Planning a large-scale RHOSO deployment
Hardware requirements and recommendations for large deployments
Abstract
Providing feedback on Red Hat documentation Copy linkLink copied to clipboard!
We appreciate your input on our documentation. Tell us how we can make it better.
Use the Create Issue form to provide feedback on the documentation for Red Hat OpenStack Services on OpenShift (RHOSO) or earlier releases of Red Hat OpenStack Platform (RHOSP). When you create an issue for RHOSO or RHOSP documents, the issue is recorded in the RHOSO Jira project, where you can track the progress of your feedback.

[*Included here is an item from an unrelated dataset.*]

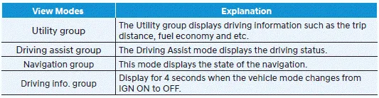 The LCD display modes can be changed by using the control buttons. Information When the infotainment system is applied, only the User’s Setting mode on the infotainment system is supported but the User’s Setting mode on the instrument cluster is not supported.

To complete the Create Issue form, ensure that you are logged in to Jira. If you do not have a Red Hat Jira account, you can create an account at https://issues.redhat.com.
- Click the following link to open a Create Issue page: Create Issue
- Complete the Summary and Description fields. In the Description field, include the documentation URL, chapter or section number, and a detailed description of the issue. Do not modify any other fields in the form.
- Click Create.
Chapter 1. Tested specifications for large-scale RHOSO deployment Copy linkLink copied to clipboard!

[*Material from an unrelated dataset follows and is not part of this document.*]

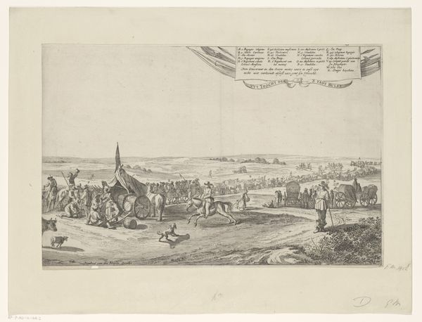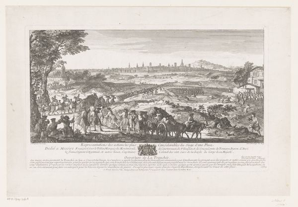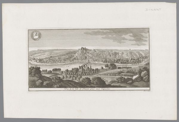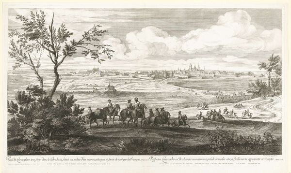 Editor: This is Jacques Rigaud's "View of Meudon Palace and Village," a print made with etching on paper, sometime between 1730 and 1740. I'm immediately struck by the sheer labor involved in creating this detailed landscape using such painstaking techniques. It gives a glimpse into a specific time and place. How do you interpret this work? Curator: Considering it materialistically, the etching process itself is key. Think of the physical effort—the crafting of the plate, the controlled corrosion by acid. This wasn't just about depicting a scene; it was about a deliberate process of reproduction, making the image accessible to a wider audience. The paper itself becomes a crucial element—its quality, its source—linking the artwork to networks of trade and consumption. How does the existence of such reproduction alter the meaning of the landscape? Editor: So, it's not just about the view of the Palace, but also the means by which that view was made available? Curator: Precisely. It forces us to question the hierarchy. Is the 'high art' of landscape painting inherently more valuable than the 'craft' of printmaking? By focusing on the labor and materials, we can see how this print blurs those lines, revealing the complex social and economic forces at play. Think of the cost involved, and who had access to prints like these. It's an early form of mass media, influencing perceptions of place and power. The materiality reveals access! Editor: That's a very different way of seeing it! I was focused on the landscape itself, but you've shown how the process of creating and distributing this image changes how we should think about its value. Curator: And isn’t it fascinating how a seemingly simple print reveals layers of material history and social context?

Deploy Red Hat OpenStack Services on OpenShift (RHOSO) on a Red Hat OpenShift Container Platform (RHOSCP) cluster.
RHOSO consists of a control plane and a data plane. The control plane is the deployed services that are installed on RHOCP. The data plane is one or more node sets. The node sets are deployed by the control plane.

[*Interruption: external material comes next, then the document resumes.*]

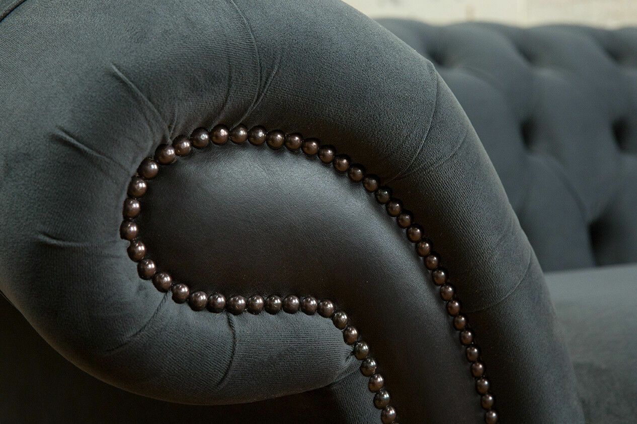Klassische Chesterfield Couch 4 Sitzer Sofa Couch Samt Leder Design Schwarz Neu

A node set is a group of either RHOSO Compute nodes or RHOSO Network nodes that are grouped by node properties. A node set is comparable to composable roles in previous releases.
Red Hat has tested RHOSO 18 with a deployment of up to 250 bare-metal nodes with various node sets.
For information on RHOSO deployment steps, see Deploying Red Hat OpenStack Services on OpenShift.
1.1. Control plane requirements for RHOSO at scale Copy linkLink copied to clipboard!
Ensure that your Red Hat OpenShift Container Platform (RHOCP) cluster meets the minimum tested requirements for hosting Red Hat OpenStack Services on OpenShift (RHOSO).
| System requirement | Description |
|---|---|
| Node count | 3 node RHOCP cluster at version 4.16 |
| CPUs | 40 total cores, 80 threads |
| Disk | 500GB root disk (1x SSD or 2x hard drives with 7200RPM; RAID 1) |
| 500GB dedicated disk for Swift (1x SSD or 1x NVMe) | |
| Optional: 500GB disk for image caching (1x SSD or 2x hard drives with 7200RPM; RAID 1) | |
| Memory | 384 GB |
| Network | 10 Gbps or higher |
1.2. Data plane requirements for RHOSO at scale Copy linkLink copied to clipboard!
Ensure that your Compute nodes meet the tested requirements before deploying a Red Hat OpenStack Services on an OpenShift data plane.
| Resource | Contraints |
|---|---|
| Compute nodes in node set | Up to 50 nodes |
| Total compute node Count | Up to 250 nodes |
| CPUs | At least 2 sockets each with 12 cores, 24 threads |
| Disk | At least a 500GB root disk (1x SSD or 2x hard drives with 7200RPM; RAID 1) |
| Memory | At least 128GB (64GB per NUMA node); 2GB is reserved for the host out by default. With Distributed Virtual Routing, increase the reserved RAM to 5GB. |
| Network interfaces | 2 x 10 Gbps or faster |
1.3. Red Hat Ceph Storage node system requirements Copy linkLink copied to clipboard!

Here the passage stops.